- _Records_
□ □ □ □ □

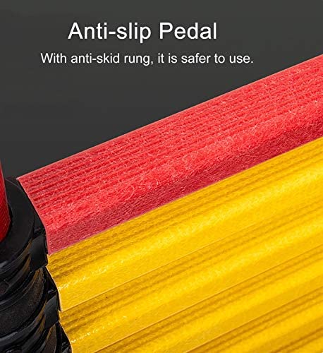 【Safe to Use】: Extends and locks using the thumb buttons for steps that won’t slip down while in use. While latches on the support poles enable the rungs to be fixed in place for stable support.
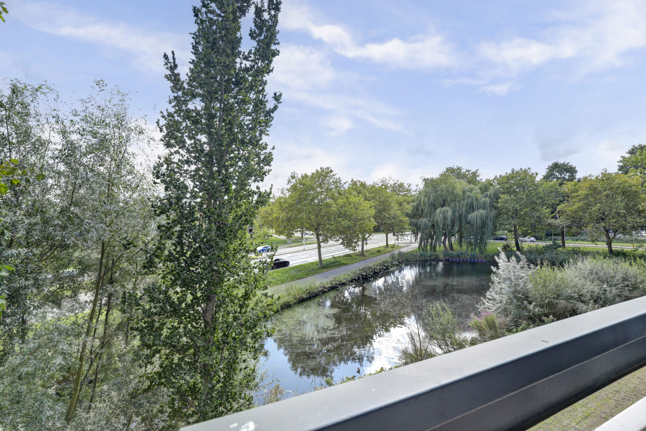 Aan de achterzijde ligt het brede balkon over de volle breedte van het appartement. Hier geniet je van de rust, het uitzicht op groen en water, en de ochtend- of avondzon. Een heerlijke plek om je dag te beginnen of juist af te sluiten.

□ □ □ □ □

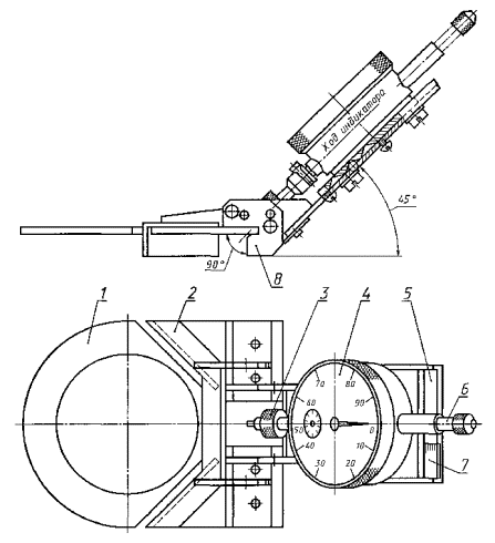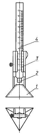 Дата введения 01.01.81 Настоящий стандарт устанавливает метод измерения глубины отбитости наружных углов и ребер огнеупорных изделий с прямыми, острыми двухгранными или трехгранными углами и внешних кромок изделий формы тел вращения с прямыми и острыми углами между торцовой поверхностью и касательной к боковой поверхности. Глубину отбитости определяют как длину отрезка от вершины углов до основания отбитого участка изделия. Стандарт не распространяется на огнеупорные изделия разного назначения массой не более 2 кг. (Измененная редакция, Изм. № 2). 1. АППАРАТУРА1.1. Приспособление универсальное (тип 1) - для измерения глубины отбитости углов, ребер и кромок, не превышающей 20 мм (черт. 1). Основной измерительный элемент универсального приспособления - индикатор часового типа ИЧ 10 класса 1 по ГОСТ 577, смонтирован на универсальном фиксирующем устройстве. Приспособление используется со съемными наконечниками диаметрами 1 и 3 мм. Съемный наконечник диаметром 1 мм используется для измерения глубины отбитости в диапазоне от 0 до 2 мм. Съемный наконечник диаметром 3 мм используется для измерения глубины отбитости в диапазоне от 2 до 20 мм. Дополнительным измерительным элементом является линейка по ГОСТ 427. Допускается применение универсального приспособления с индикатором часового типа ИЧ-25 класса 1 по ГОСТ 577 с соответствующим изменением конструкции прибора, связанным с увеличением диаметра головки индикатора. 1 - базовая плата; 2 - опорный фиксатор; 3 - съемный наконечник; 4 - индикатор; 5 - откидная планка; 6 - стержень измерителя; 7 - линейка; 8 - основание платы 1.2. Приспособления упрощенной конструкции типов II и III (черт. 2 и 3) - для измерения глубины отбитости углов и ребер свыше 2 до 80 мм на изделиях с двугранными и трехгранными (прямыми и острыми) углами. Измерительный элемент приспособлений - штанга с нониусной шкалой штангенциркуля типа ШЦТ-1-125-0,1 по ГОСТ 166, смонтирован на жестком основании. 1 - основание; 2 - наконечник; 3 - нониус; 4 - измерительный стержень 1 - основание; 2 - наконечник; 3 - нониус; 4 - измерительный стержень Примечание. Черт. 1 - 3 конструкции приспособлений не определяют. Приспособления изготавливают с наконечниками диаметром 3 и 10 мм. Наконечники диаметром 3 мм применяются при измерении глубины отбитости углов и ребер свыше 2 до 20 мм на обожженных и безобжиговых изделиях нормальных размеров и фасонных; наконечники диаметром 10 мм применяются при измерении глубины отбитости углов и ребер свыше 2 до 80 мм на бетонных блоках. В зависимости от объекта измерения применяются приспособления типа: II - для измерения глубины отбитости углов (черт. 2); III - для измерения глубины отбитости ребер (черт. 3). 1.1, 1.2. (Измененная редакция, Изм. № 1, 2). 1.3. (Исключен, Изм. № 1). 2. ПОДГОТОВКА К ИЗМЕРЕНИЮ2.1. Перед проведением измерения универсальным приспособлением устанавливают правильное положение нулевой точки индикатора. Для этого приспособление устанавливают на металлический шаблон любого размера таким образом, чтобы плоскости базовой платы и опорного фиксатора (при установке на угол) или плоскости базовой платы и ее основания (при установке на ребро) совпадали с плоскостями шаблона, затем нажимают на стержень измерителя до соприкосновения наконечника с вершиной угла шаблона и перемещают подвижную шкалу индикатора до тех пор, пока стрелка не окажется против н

□ □ □ □ □

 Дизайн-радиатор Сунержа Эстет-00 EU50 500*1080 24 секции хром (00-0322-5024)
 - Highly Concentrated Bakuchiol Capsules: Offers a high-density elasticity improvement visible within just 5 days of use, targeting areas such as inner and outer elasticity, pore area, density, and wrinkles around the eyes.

□ □ □ □ □

- _How to complete this task_
Return the stretch of data that begins with the line showing "for stable support." and goes on through the line showing "Aan de achterzijde", exactly, with pictures removed.

- _Answer box_
 【Safe to Use】: Extends and locks using the thumb buttons for steps that won’t slip down while in use. While latches on the support poles enable the rungs to be fixed in place for stable support.
 Aan de achterzijde ligt het brede balkon over de volle breedte van het appartement. Hier geniet je van de rust, het uitzicht op groen en water, en de ochtend- of avondzon. Een heerlijke plek om je dag te beginnen of juist af te sluiten.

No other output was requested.